China's Ambitions & Capabilities
- Track record: Destroyed its own satellite (2007), tested an anti-satellite vehicle (2015), pushed a defunct satellite to graveyard orbit (2022), performed an orbital 'dog-fight' (2024).
- Long-term goals: Moon landing by 2036, nuclear-powered shuttle by 2040, space solar power by 2050; lunar/asteroid mineral mining.
- Rivalry with Starlink: Plans 36,000+ LEO satellites by 2030.

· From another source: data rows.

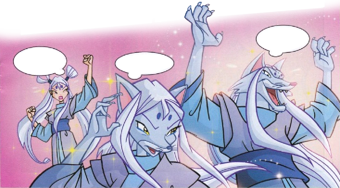 Вдруг Серебряная лиса почувствовала, что её магические силы иссякли, и она превратилась в человека. Появившаяся позади Яко рассмеялась и поблагодарила фей за помощь.
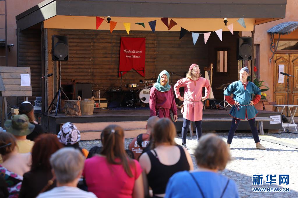 芬蘭古城圖爾庫于7月1日至4日舉行“中世紀市集”活動。人們身著中世紀風格服裝售賣貨品,表演短劇、馬戲和歌舞。
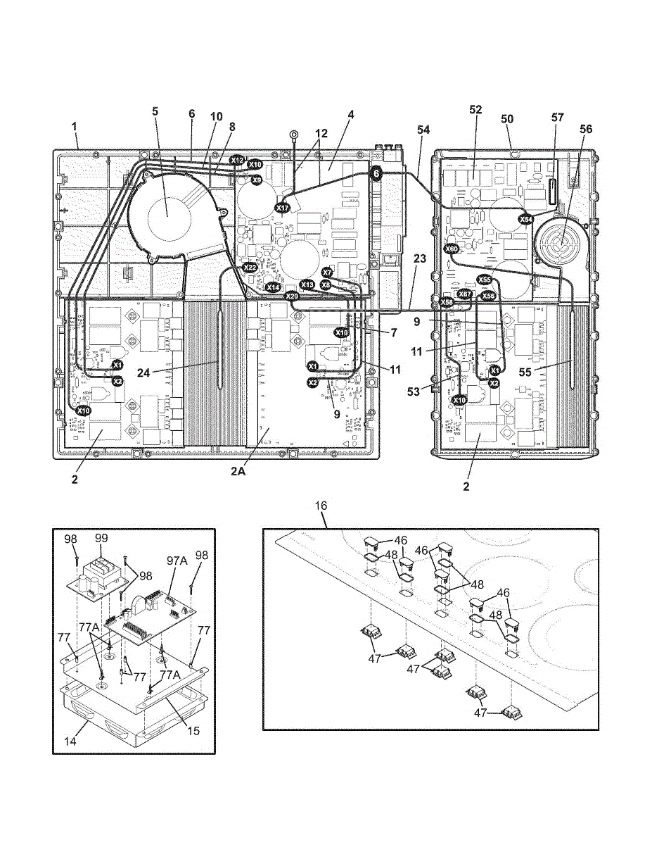 Housing assembly for cooktop induction control board. Protects internal electronics and wiring. Replace if cracked, damaged, or missing components.
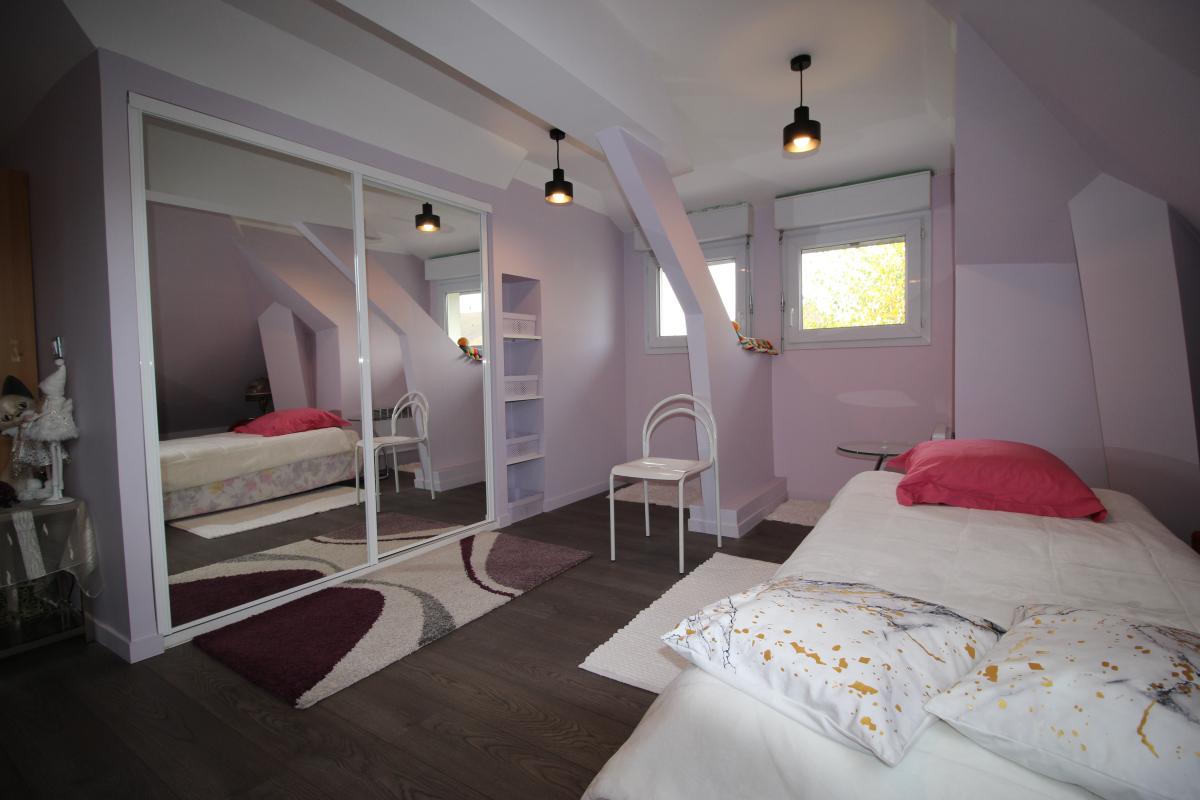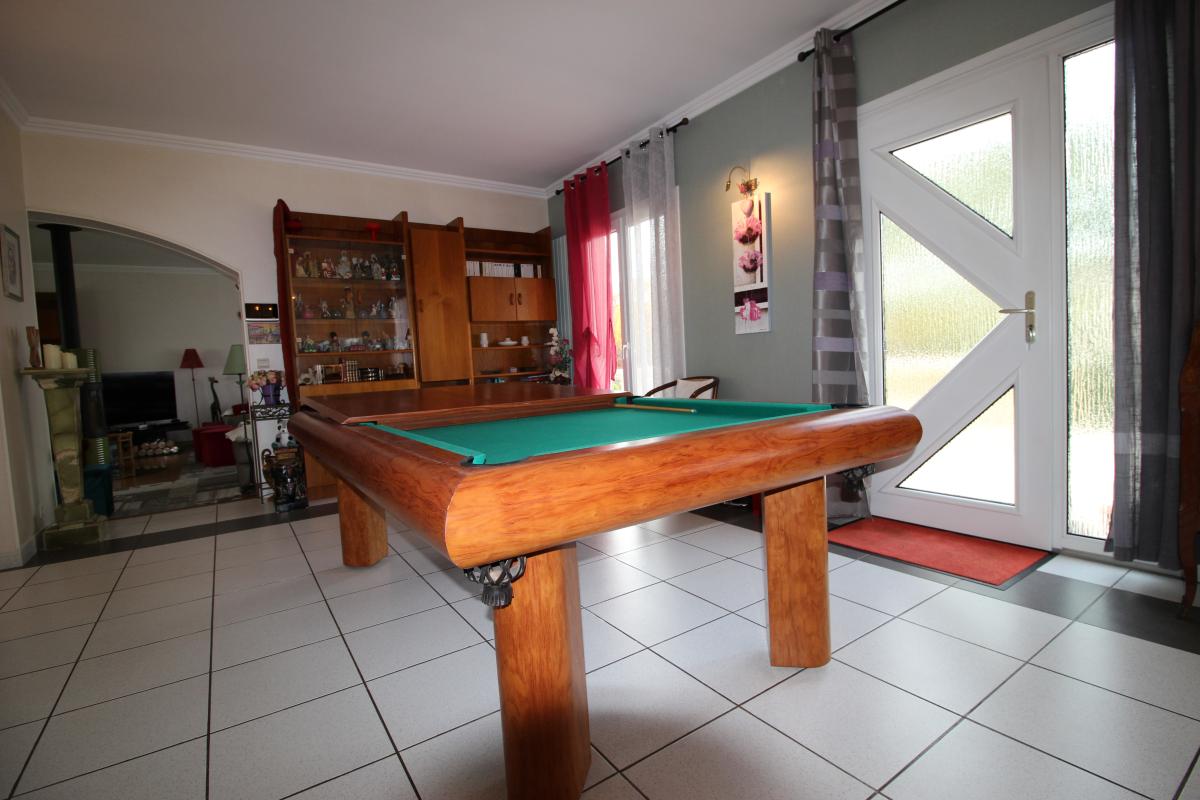 Au rez-de-chaussée : Entrée sur une pièce de 30 m² avec billard, séjour et salle à manger traversant de 40 m² avec poêle à bois, cuisine équipée ouverte sur le jardin, dégagement, WC, suite parentale avec dressing et salle de bains avec douche et baignoire, bureau.
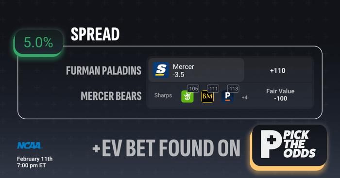 Mercer -3.5 qualifies as a +EV spread bet due to a clear pricing mismatch against sharp market consensus. The line is currently available at +110, while respected sharp sportsbooks are pricing Mercer at -105, -111, and -113, signaling professional money heavily favoring Mercer to cover this number. Based on those sharp prices, the fair value projects to around -100, making +110 a sizable edge relative to true probability. That discrepancy creates an expected value of approximately +5.0%, which is well above breakeven and attractive from a long-term betting standpoint. When you’re able to take plus money on a side that sharp books consistently price as a favorite, you’re exploiting market inefficiency — making Mercer -3.5 a disciplined, data-backed +EV wager.

Three Pillars of China's Counter-Space Capability
| System | Function |
|---|---|
| Kinetic attack | DN-3 / SC-19 missiles that hard-kill enemy satellites. |
| Laser-based | Temporarily or permanently blind satellite sensors, halting navigation/communication. |
| Co-orbital | SJ / TJS series satellites that approach and dislodge enemy satellites — aimed at crippling ISR/comms in the first 24–48 hours of conflict. |
Strategic Implications for India
- Lower redundancy: India has ~60 operational satellites vs China's 400+ military satellites; losing even 5–6 would hurt India far more.
- Blind spots: Lasers on India's CARTOSAT/RISAT could block real-time imagery along the LAC; jammers could disable NavIC.
- Kessler Syndrome deters total destruction — debris would also threaten China's own satellites. Mission Shakti (A-SAT) boosted deterrence but operational reliability and co-orbital defence remain limited.
◆ India Implications — Way Forward
- Decentralise & diversify: Grow private space industry beyond ISRO; replace large GSAT-type satellites with constellations of small satellites for redundancy.
- Protect & partner: Harden ground stations against cyber/physical attack; deepen data-sharing with Quad/allies for rapid backup; define clear 'red lines' and proportionate responses to China.